Nos últimos cinco anos, fiz cinco viagens longas. Foram nove meses na Ásia em três etapas e cinco meses entre México e América Central em duas empreitadas. Nas rodinhas de amigos, esse assunto gera reações das mais diversas. Uns acham que tenho a vida que todo mundo pediu a deus. Outros, que sou uma espécie de neohippie pós-moderna supermaluca. Cabeças mais analíticas buscam razões mais profundas: “ela foge dos problemas que não quer resolver”. Almas capitalistas fazem cálculos imaginários tentando saber como as minhas contas fecham.

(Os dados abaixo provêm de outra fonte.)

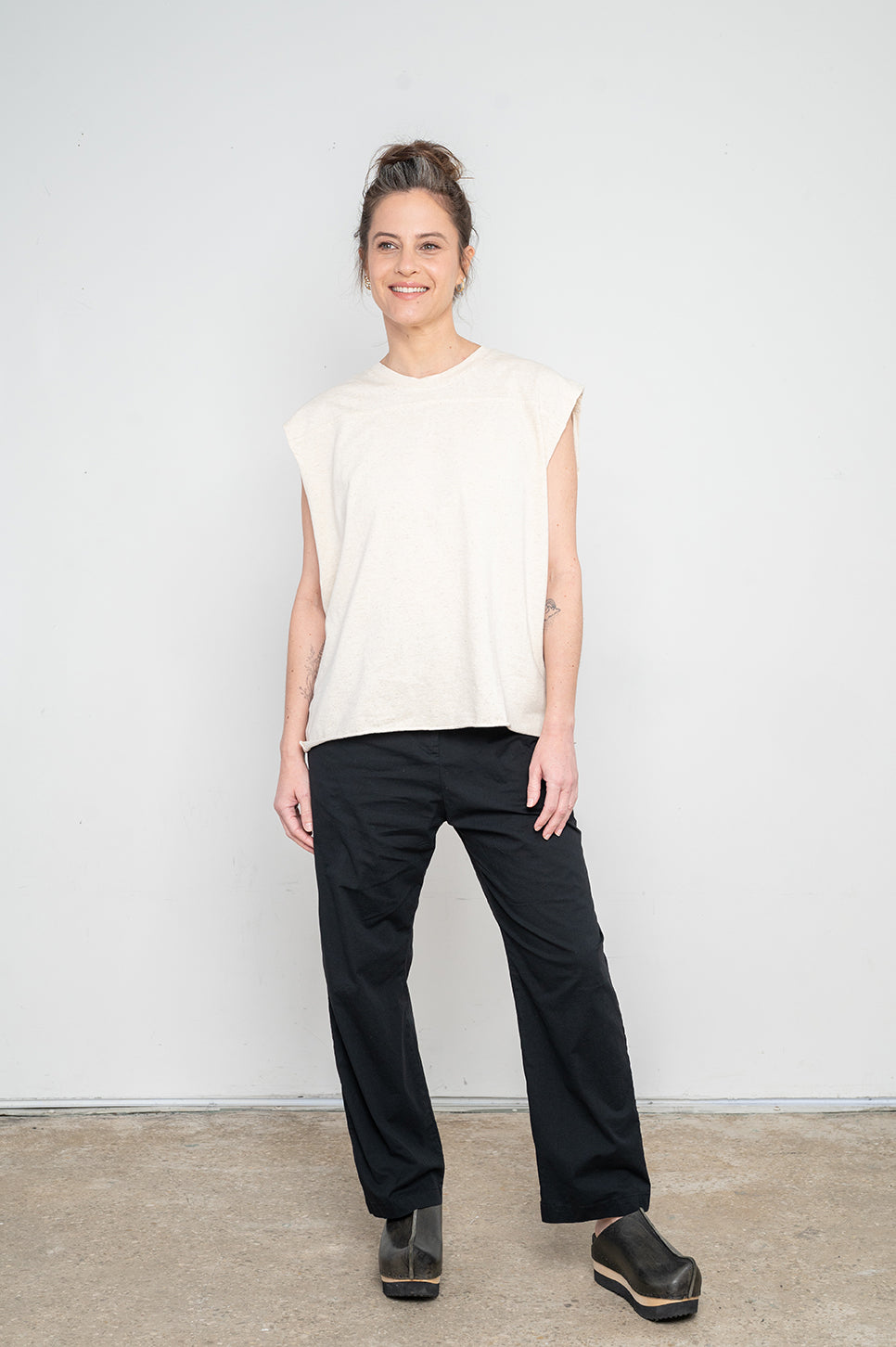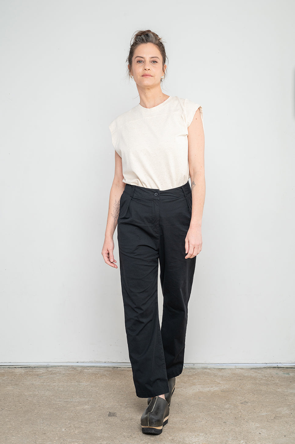 מכנסיים קלאסיות בגזרה ישרה ונקייה. רכיסה סטנדרטית מלפנים, כיסים בצידי המכנסיים ומאחור.
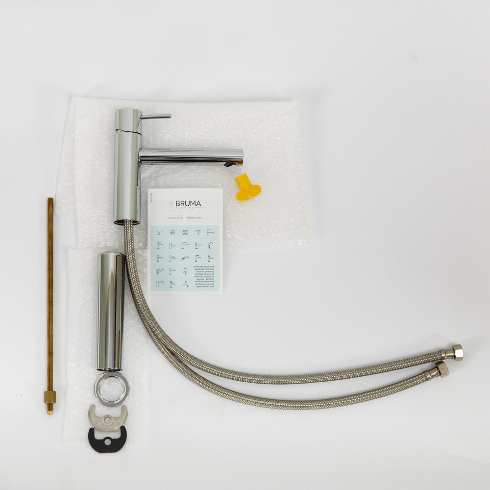 Комплект поставки • Смеситель • Гибкая подводка 60см • Ключ для снятия аэратора • Монтажный комплект • Слив-перелив и

Palpites e opiniões à parte, todos perguntam: você não se cansa? Talvez um dia eu canse de focar a energia nisso (qualquer dia vou contar pra vocês como é a minha vida para que eu possa fazer essa “loucura” uma vez por ano). Mas as viagens longas em si não precisam ser cansativas. Ou melhor: viajo com tempo justamente porque gosto de viajar com calma.
Ao invés de saltar entre 10 países diferentes porque tenho três meses, prefiro investir todo esse tempo em conhecer melhor um país ou uma região. Quando gosto, me permito ficar quinze, vinte dias em um lugar só, como se quisesse ter uma mini vida em cada cidade que amo.
Numa viagem de uma semana, saímos de casa com uma certa programação mental. Quando temos quatro meses pela frente, a fórmula é outra. Você se prepara para desconectar por mais tempo, para tentar sentir menos saudades de tudo e de todos, para pensar nas alegrias e nos problemas do seu dia a dia com menos frequência. Não me perguntem exatamente como faço isso. Mas funciona.
Quando meu irmão era pequeno, teve um ataque de chatice durante uma viagem familiar ao Rio de Janeiro. Minha mãe se desdobrava para entretê-lo e, quando achávamos que estaria no auge da empolgação, ele soltava a pérola: “qué i pa casa”. O “qué i pa casa” é uma piada interna da família até hoje. Nessas minhas longas andanças, só entrei no modo “qué i pa casa” nos últimos dias da viagem.
E do que eu sinto saudades quando, finalmente, canso? Da família, dos amigos, do cheiro do meu travesseiro, do meu banheiro… Mas tudo isso é óbvio demais, certo? Entre as saudades inesperadas reina a da delícia de ter um dia sem absolutamente nenhuma grande emoção ou decisão a ser tomada (você já pensou em quantas pequenas coisas tem que decidir ao longo de uma viagem?).
Materializo esse estranho sentimento com a imagem de estar atirada no sofá, embaixo das cobertas, vendo qualquer besteira na televisão, praticamente lobotomizada – e sem me sentir culpada por causa disso. Simples assim. Deve ser porque viajar também é aprender a curtir as coisas que parecem insignificantes no nosso cotidiano.